Aspect	Evalite	Langfuse
When	Development, CI/CD	Production
Where	Local, your machine	Cloud or self-hosted
What	Defined test cases with known expected values	Real user requests
Purpose	Prompt iteration, regression detection	Monitoring, debugging, cost control
Data	Your dataset	Real production data

The workflow: You iterate with Evalite (locally) until the score is good enough. Then you deploy. Langfuse monitors in production. When scores drop there, you go back to Evalite and fix the issue.

TRY

Task: Familiarize yourself with the Langfuse concepts — traces, generations, scores.

Go to langfuse.com and create a free account
Explore the demo project in the dashboard:
- Open a trace and follow the request lifecycle
- Look at the generation details: input, output, tokens, latency
- Find the cost analytics: Which model costs the most?
Answer for yourself:
- What is the difference between a trace and a generation?
- Where would you add a score — on the trace or on the generation?
- When would you set up an alert?

Checklist:

Langfuse account created (or demo project explored)
Opened a trace in the dashboard and understood it
Explained the difference between trace and generation
Found and interpreted cost analytics
Own notes: Where would you use Langfuse in your project?

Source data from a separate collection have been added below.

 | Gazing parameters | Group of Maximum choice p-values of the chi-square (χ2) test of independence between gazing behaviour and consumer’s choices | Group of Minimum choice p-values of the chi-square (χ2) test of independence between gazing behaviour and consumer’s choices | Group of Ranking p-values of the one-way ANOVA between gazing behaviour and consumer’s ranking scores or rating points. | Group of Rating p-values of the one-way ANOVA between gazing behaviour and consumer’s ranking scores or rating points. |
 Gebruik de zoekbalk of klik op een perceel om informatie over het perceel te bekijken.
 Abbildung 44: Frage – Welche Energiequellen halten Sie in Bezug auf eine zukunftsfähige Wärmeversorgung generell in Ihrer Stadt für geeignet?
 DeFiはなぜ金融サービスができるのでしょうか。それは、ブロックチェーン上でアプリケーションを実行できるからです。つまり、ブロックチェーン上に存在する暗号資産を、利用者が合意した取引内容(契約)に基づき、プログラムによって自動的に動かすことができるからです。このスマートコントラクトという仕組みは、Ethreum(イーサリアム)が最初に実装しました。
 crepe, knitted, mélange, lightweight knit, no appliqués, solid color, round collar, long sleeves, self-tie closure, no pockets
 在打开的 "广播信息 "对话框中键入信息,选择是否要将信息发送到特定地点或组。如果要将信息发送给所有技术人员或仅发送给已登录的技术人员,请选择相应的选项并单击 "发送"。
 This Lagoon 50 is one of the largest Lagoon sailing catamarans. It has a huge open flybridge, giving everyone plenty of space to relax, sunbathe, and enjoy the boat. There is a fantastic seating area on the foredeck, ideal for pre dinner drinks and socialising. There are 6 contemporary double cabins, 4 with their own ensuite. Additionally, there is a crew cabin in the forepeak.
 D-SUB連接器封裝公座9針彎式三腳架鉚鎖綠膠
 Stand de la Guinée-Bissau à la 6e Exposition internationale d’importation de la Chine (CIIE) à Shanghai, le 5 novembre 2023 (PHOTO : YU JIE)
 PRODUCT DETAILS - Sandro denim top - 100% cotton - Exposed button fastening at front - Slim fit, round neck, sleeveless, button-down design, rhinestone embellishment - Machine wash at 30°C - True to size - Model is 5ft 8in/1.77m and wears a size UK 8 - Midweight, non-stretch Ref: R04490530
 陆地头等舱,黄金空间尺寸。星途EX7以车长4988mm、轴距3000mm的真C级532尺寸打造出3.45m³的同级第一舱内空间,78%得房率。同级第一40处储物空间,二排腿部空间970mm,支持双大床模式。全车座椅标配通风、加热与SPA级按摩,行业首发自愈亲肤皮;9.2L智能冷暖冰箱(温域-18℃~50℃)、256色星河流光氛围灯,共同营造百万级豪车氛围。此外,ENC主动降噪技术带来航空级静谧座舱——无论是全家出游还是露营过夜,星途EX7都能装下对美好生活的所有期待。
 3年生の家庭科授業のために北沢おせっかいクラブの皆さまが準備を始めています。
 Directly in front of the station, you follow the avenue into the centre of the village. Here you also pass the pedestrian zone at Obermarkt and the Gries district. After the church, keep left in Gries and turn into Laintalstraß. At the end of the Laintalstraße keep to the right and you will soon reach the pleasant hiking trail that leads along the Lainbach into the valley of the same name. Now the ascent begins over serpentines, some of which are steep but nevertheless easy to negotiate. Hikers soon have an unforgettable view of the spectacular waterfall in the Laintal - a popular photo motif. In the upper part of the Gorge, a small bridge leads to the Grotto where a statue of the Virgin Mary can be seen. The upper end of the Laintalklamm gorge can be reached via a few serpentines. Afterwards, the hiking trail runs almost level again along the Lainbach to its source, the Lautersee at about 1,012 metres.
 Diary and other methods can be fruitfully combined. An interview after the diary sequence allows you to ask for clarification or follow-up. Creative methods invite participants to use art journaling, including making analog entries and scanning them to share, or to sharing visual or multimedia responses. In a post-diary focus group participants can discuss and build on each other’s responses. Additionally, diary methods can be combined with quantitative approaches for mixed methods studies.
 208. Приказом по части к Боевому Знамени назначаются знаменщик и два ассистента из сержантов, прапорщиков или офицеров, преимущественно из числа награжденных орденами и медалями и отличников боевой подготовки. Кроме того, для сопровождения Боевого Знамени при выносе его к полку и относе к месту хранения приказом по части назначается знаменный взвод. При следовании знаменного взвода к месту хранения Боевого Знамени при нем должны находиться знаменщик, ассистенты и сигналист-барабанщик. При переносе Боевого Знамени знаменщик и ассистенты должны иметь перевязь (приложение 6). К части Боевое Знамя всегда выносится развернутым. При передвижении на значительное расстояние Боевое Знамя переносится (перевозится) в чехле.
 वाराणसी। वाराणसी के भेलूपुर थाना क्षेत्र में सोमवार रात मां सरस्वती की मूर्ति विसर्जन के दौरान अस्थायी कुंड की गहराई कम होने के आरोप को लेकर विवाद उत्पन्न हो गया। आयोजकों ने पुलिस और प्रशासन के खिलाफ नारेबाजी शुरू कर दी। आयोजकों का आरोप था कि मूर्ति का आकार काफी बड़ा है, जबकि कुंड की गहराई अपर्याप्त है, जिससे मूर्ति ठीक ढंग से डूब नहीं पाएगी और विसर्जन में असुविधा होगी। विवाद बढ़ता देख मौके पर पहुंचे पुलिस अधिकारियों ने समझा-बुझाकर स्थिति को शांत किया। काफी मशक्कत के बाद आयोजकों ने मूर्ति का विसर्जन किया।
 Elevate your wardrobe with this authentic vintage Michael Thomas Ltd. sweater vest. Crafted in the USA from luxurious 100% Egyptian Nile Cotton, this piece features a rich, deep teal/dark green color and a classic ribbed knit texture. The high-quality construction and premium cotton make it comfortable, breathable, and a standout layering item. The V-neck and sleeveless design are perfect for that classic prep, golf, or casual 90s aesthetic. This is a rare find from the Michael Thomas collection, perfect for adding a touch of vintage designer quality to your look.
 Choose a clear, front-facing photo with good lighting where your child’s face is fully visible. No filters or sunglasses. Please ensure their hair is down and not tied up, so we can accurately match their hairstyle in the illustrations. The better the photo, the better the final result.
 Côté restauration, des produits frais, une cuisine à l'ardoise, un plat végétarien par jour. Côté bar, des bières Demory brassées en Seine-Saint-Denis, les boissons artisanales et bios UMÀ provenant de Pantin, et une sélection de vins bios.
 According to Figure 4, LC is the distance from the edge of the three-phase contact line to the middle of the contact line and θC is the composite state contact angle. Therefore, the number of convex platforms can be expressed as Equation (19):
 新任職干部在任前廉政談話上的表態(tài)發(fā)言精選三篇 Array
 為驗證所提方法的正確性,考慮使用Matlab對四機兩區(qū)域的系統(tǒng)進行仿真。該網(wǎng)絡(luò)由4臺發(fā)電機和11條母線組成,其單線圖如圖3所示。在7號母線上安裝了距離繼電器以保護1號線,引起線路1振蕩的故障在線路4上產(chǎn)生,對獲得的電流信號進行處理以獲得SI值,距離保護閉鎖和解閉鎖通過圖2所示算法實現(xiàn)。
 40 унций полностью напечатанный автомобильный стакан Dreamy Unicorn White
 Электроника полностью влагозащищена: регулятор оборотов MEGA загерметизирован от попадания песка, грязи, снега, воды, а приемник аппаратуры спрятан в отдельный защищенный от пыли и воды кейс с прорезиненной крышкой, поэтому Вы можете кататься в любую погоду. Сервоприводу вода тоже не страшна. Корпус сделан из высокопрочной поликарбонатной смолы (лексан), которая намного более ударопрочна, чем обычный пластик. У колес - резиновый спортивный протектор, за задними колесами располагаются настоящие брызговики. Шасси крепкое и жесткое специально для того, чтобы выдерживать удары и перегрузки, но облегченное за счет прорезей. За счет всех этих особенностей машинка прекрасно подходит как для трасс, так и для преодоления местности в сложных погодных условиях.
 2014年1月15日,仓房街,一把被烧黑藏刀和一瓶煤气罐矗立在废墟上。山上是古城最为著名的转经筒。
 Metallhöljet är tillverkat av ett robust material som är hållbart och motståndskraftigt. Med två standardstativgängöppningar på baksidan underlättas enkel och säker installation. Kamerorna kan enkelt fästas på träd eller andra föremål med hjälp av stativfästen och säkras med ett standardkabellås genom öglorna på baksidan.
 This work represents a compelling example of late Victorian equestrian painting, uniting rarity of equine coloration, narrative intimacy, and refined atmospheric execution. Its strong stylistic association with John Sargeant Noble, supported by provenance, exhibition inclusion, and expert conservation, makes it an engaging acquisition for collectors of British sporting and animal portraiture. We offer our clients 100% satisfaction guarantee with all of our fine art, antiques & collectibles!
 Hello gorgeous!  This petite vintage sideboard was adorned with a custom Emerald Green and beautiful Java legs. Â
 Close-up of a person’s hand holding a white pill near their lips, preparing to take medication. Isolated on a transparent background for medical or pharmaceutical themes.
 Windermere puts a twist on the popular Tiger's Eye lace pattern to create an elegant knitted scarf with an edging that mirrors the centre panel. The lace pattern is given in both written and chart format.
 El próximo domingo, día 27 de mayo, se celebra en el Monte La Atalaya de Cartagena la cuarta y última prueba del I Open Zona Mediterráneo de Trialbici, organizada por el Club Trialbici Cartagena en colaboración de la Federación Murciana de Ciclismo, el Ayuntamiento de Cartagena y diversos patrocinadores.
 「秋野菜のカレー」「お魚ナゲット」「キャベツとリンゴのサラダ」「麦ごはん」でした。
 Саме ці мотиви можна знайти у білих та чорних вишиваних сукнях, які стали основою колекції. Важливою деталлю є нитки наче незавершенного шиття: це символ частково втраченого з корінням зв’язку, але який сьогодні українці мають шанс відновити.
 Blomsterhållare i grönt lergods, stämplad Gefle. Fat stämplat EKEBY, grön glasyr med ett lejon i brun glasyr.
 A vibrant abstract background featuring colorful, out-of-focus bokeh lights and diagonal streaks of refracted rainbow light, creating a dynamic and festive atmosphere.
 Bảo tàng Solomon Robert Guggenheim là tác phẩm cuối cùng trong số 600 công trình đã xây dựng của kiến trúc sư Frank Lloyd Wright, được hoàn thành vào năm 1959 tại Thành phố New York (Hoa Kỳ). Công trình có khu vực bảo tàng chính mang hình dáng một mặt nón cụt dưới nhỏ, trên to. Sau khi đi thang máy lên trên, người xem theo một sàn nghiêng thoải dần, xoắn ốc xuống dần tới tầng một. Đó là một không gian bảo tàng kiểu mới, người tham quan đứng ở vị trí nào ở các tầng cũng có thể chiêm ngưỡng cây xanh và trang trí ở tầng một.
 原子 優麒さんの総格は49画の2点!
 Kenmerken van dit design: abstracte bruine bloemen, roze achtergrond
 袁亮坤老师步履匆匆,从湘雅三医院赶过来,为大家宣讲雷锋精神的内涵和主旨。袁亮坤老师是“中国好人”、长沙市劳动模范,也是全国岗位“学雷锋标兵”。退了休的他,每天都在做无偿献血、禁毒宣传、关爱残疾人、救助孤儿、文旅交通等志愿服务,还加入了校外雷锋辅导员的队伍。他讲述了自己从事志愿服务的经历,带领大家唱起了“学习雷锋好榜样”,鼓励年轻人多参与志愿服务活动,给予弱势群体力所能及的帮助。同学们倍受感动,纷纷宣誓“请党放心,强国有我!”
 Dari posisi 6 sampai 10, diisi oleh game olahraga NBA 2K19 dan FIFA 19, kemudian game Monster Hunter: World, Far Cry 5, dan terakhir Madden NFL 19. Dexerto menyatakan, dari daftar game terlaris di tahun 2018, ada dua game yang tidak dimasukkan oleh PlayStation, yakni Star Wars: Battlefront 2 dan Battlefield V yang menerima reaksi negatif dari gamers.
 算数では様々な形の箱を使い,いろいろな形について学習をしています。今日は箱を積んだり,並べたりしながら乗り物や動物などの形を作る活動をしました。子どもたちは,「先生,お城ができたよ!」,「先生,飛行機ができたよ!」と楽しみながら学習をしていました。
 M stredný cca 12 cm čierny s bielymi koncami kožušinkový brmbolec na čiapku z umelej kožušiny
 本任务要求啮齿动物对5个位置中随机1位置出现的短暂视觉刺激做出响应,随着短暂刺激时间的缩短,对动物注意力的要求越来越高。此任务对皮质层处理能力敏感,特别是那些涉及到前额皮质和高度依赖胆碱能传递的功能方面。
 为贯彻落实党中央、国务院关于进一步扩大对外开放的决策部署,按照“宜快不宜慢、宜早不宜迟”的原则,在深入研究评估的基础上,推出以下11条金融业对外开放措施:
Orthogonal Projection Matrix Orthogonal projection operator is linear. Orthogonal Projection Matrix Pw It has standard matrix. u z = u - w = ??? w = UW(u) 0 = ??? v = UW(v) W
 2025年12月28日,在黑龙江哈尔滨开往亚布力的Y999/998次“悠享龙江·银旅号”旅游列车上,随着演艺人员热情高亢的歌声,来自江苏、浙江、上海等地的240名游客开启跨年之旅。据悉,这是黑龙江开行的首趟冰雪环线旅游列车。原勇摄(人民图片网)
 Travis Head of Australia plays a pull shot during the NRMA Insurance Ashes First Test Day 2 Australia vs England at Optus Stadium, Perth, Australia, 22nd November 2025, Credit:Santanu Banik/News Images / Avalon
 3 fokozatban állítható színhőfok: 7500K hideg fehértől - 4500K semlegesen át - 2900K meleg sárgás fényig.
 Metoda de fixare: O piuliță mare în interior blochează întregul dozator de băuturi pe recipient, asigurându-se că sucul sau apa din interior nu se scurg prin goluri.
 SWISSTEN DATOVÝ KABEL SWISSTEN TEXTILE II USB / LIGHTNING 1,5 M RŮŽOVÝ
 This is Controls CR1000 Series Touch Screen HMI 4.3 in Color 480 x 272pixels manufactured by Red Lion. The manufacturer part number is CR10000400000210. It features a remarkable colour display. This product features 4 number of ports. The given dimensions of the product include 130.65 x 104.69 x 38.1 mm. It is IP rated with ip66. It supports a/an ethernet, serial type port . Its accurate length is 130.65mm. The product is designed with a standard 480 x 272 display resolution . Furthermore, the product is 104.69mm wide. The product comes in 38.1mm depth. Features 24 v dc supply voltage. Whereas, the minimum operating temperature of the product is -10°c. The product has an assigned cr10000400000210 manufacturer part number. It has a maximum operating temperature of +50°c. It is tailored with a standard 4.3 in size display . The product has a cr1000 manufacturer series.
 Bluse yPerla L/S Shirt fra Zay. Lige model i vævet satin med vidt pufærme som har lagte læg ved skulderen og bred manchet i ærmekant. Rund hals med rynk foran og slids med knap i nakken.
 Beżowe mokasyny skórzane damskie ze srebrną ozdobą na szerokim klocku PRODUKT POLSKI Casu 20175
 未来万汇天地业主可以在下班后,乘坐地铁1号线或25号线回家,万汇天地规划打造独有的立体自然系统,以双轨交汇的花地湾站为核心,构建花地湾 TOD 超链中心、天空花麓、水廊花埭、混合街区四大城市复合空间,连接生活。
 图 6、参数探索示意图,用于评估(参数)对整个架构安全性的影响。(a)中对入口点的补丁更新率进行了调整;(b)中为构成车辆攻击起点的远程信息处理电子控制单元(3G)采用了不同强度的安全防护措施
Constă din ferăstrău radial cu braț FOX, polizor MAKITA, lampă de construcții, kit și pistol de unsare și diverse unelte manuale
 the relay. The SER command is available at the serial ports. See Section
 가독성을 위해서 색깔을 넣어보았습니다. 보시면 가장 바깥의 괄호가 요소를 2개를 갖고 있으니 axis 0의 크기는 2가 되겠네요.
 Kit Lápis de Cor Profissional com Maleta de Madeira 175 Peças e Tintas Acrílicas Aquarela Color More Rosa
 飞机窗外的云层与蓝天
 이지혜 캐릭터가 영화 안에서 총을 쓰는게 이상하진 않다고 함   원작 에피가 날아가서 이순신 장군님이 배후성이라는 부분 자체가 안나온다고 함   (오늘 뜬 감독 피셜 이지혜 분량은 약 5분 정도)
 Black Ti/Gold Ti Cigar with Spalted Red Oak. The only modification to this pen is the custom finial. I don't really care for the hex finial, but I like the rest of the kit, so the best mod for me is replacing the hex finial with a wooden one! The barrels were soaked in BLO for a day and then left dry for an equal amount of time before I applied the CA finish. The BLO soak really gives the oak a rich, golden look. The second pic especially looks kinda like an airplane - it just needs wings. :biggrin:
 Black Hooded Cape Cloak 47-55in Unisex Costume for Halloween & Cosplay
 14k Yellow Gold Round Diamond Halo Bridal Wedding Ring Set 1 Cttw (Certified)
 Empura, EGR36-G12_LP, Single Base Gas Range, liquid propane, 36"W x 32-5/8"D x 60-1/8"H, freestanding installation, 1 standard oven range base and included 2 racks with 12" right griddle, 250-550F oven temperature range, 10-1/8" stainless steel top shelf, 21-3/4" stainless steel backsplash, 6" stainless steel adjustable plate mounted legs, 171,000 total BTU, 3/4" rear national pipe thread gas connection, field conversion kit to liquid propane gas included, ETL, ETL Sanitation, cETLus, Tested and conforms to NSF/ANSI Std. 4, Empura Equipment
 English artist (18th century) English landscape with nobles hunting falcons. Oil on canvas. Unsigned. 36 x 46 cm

Hint: No coding in this challenge

This challenge is intentionally conceptual. Integrating Langfuse with the AI SDK requires an OpenTelemetry setup that varies depending on the hosting environment (Node.js, Vercel, Cloudflare). The focus here is on understanding the concepts — the practical integration comes when you deploy your first project to production.

If you still want hands-on work: Langfuse offers a Quickstart Guide that lets you create a local trace in under 5 minutes.

COMBINE

Development leads to Evalite (6.1-6.4), then Improve prompt, Deploy, Langfuse (6.5), Monitoring — when score drops, the loop returns to Development

Exercise: Sketch the eval-driven development workflow for yourself:

You have a chat title generator (from the previous challenges)
How would you set up the Evalite-Langfuse workflow?
- When does Evalite run? (local, CI/CD)
- When does Langfuse run? (production)
- What happens when a Langfuse alert fires?
Consider: Which scores would you track in production?
- Latency? Cost per request? Title quality?

Food for thought: Langfuse captures real user requests. Could you automatically feed that data back into the Evalite dataset to improve the test data?